June 4, 2014In New York, Staley-Wise Gallery is showing images by society photographer Slim Aarons, including Truman Capote in His Brooklyn Heights Apartment, 1958. Top: Scone Madame?, ca. 1960, shot at the Beverly Hills home of decorator James Pendleton. All images courtesy of Staley-Wise
The photographer Slim Aarons was second to none in his ability to artfully interpret the world of a certain bygone opulence. Lithe, handsome, smartly dressed, and with a sui generis easy manner, Aarons fluidly chronicled the beau monde of the 1950s, ’60s and ’70s, a time when society was a small coterie that swam in the same waters off Palm Beach, the French Riviera and the Greek and Italian isles. “He was just a very cool character who everyone opened up to,” says Taki Wise, co-founder of New York’s Staley-Wise Gallery, which is exhibiting “Slim Aarons: A Man for All Seasons” (through June 28), a rare selection of about three-dozen signed and personally captioned Aarons prints from his archives.
Aarons earned the confidence of his lofty subjects — whether Babe Paley at home in Round Hill, Jamaica, or Marianne Faithfull, Mick Jagger and Desmond Guinness at the brewery heir’s castle in Ireland — by portraying them as they imagined themselves. They invariably appear comfortable and unselfconscious. But Aarons’s sunny, idyllic tone often belies his keen photojournalist’s eye (he was employed as a photographer for every top magazine of that era, from Life to Town & Country). Aarons zeroed in on the moment, capturing the essence of his subjects and their surroundings. “He revealed what he saw,” says Wise, who notes that Aarons eschewed working with a crew or any form of artificial lighting, which no doubt contributed to the natural appearance of his large-format color portraits. But he also innately understood the Beautiful People and their cosmos.
“Let it be known that the only beach I was interested in was one decorated with beautiful, semi-nude girls tanning in the tranquil sun.” — Slim Aarons
On the Italian island of Capri — a frequent haunt of Aarons’s subjects — he shot Catherine Wilke, Capri, 1980.
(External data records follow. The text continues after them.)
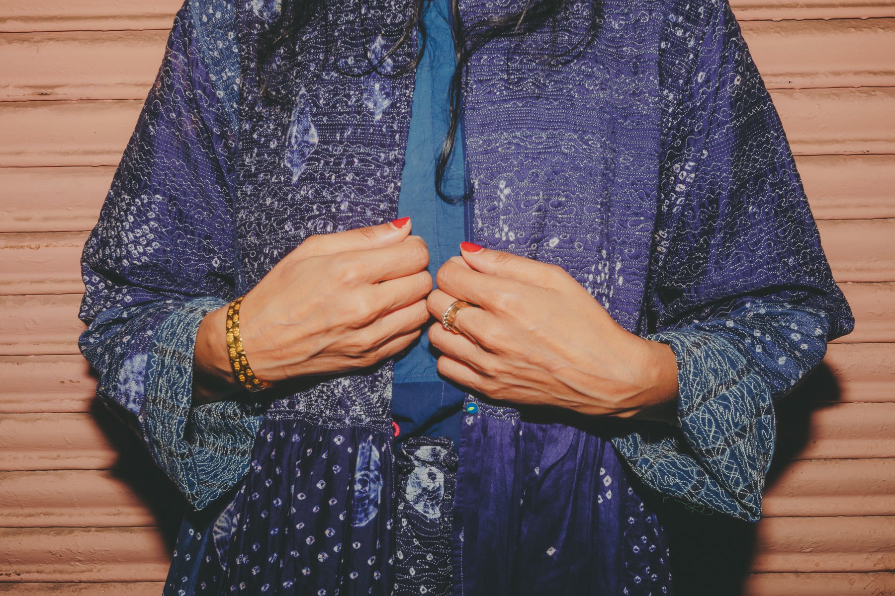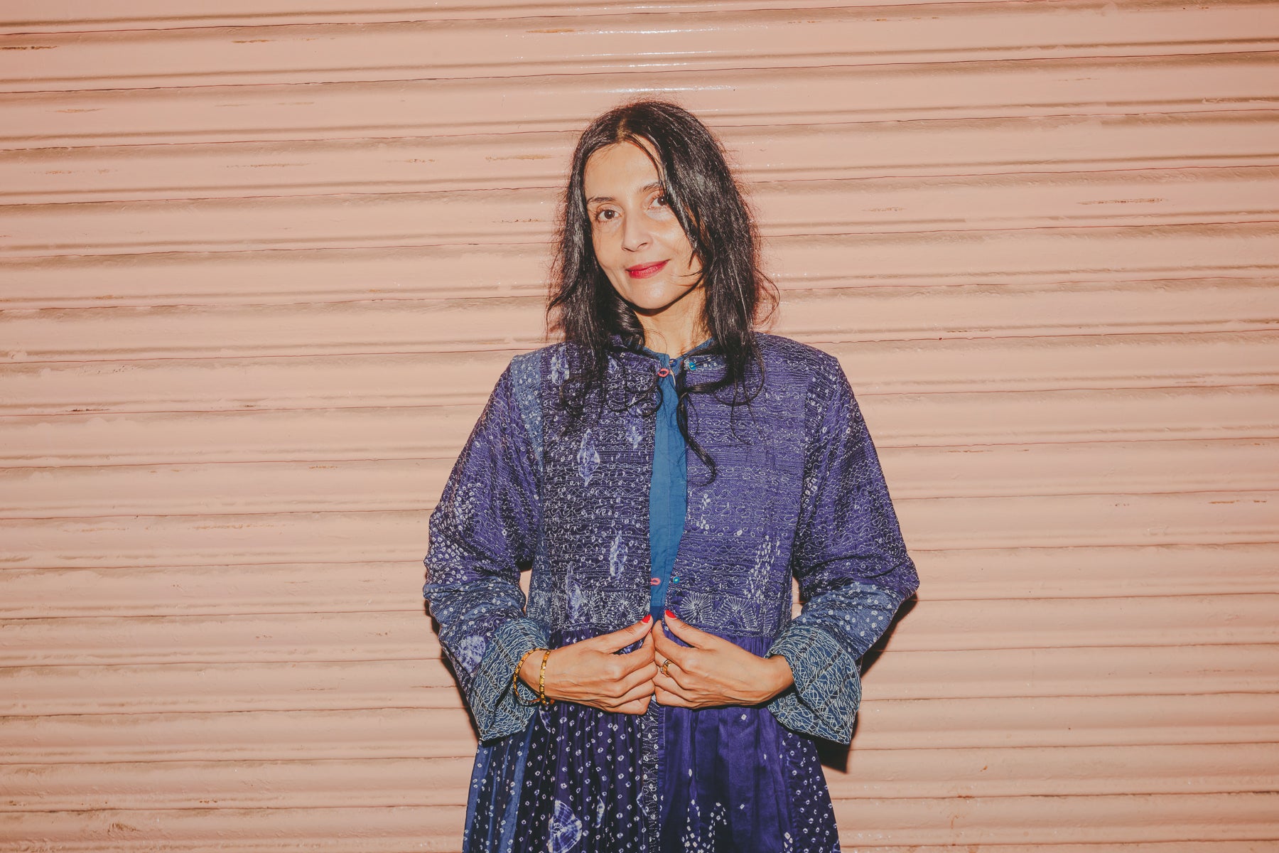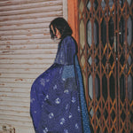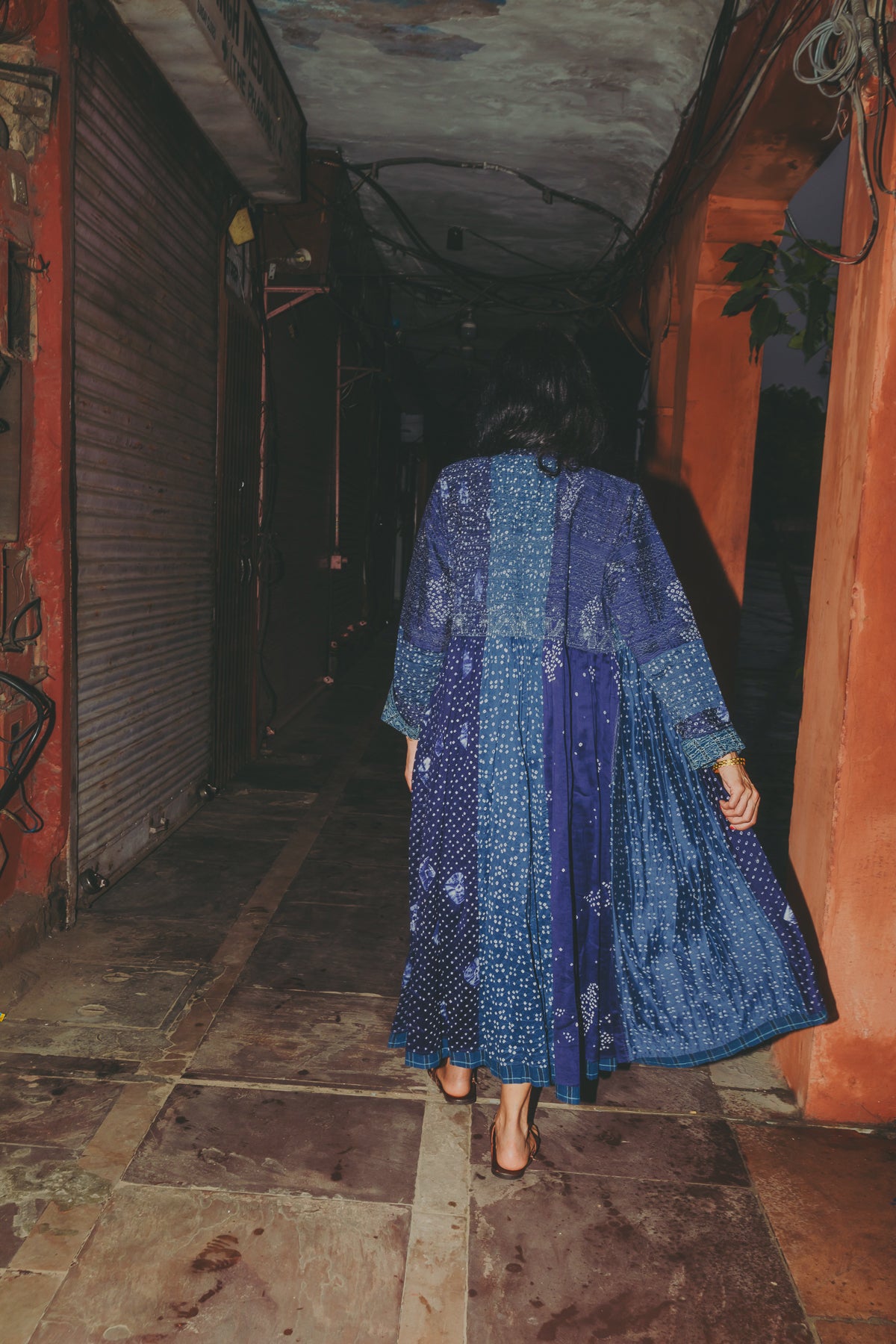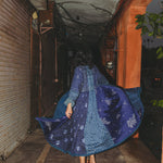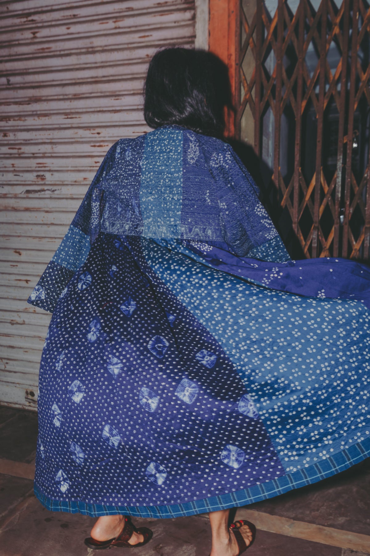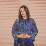 A beautifully crafted handwoven coat dress. Features a high round neck with contrast fuchsia loop and silver metal button fastening. Pieced together in multiple panels of indigo and intricate hand tie&dye bandhini in varying sizes fully through the garment. Embroidered ruching detail along top front and back with fully embroidered yoke and sleeves. A babydoll style, circle cut with voluminous pleats and panels. Double layered and fully lined. Concealed side slit pockets. A reversible, layering style. To be worn on it's own or styles over as a coat.
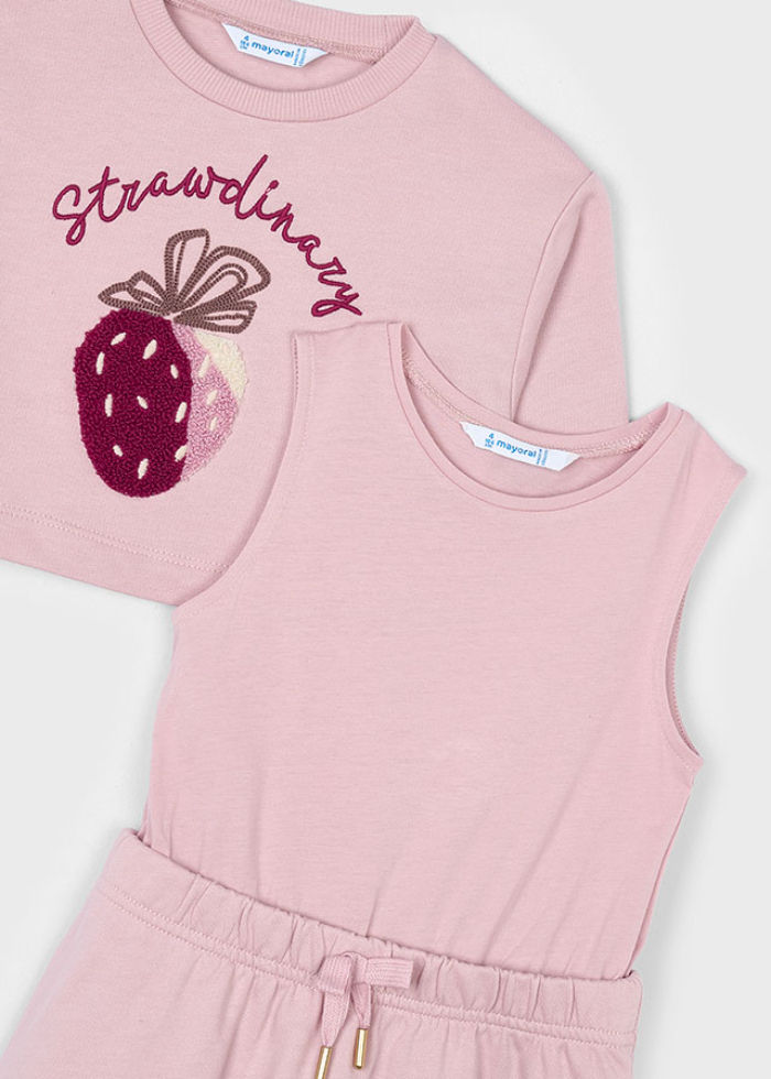 Очень эффектный комплект из укроченногопуловера и удобного платья с юбкойсделает будничный день настоящим праздником,ведь дочка привлечет к себе внимание всех вокруг.
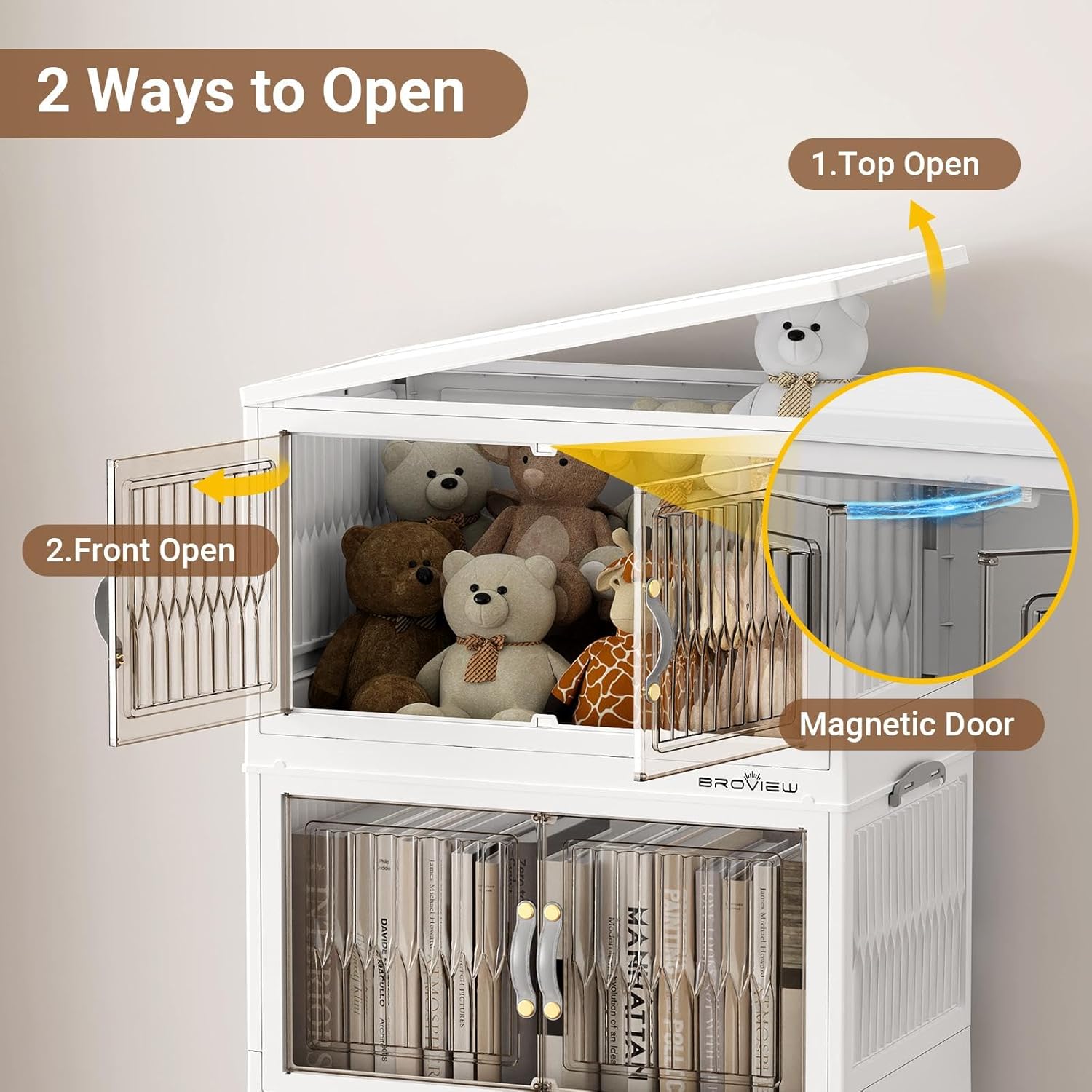 - 【Magnetic Front Open Doors & 4x Wheeled】The large storage bins with doors provide two options: front doors opening or top lid opening. The brown door can be easily seen through and with a magnetic device. The 4x 360-degree rotating wheels all have fixed functions and can be easily moved by releasing the valve, making them friendly to the elderly.

After the 1974 publication of his coffee-table book A Wonderful Time: An Intimate Portrait of the Good Life, a new generation developed a cult passion for Aarons (who was the supposed basis for Jimmy Stewart’s character in Hitchcock’s Rear Window). Now his work is universally recognized as collectible: Staley-Wise’s selection starts at $4,000 for smaller portraits and tops out at $25,000 for a print of Poolside Gossip, 1970, the unforgettable image of Palm Springs ladies chaise-lounging at the Richard Neutra–designed house of Edgar Kaufmann.
Interestingly, one of Aarons’s best-known images, Kings of Hollywood, 1957, is an impromptu photograph of celebrities Clark Gable, Jimmy Stewart, Gary Cooper and Van Heflin — all in white ties and tails — leaning against the bar at Romanoff’s and chuckling over a drink. Legend has it they were having a laugh at the affable Aarons’s expense. Aarons, who died in 2006, could have perhaps gone the route of his contemporary Robert Capa, who toted his camera from one war-torn beachhead to another. But he unabashedly relished the good life, and the ease of his photographs bespeak the connection he had with his subject. “Let it be known that the only beach I was interested in was one decorated with beautiful, semi-nude girls tanning in the tranquil sun,” the World War II veteran once said.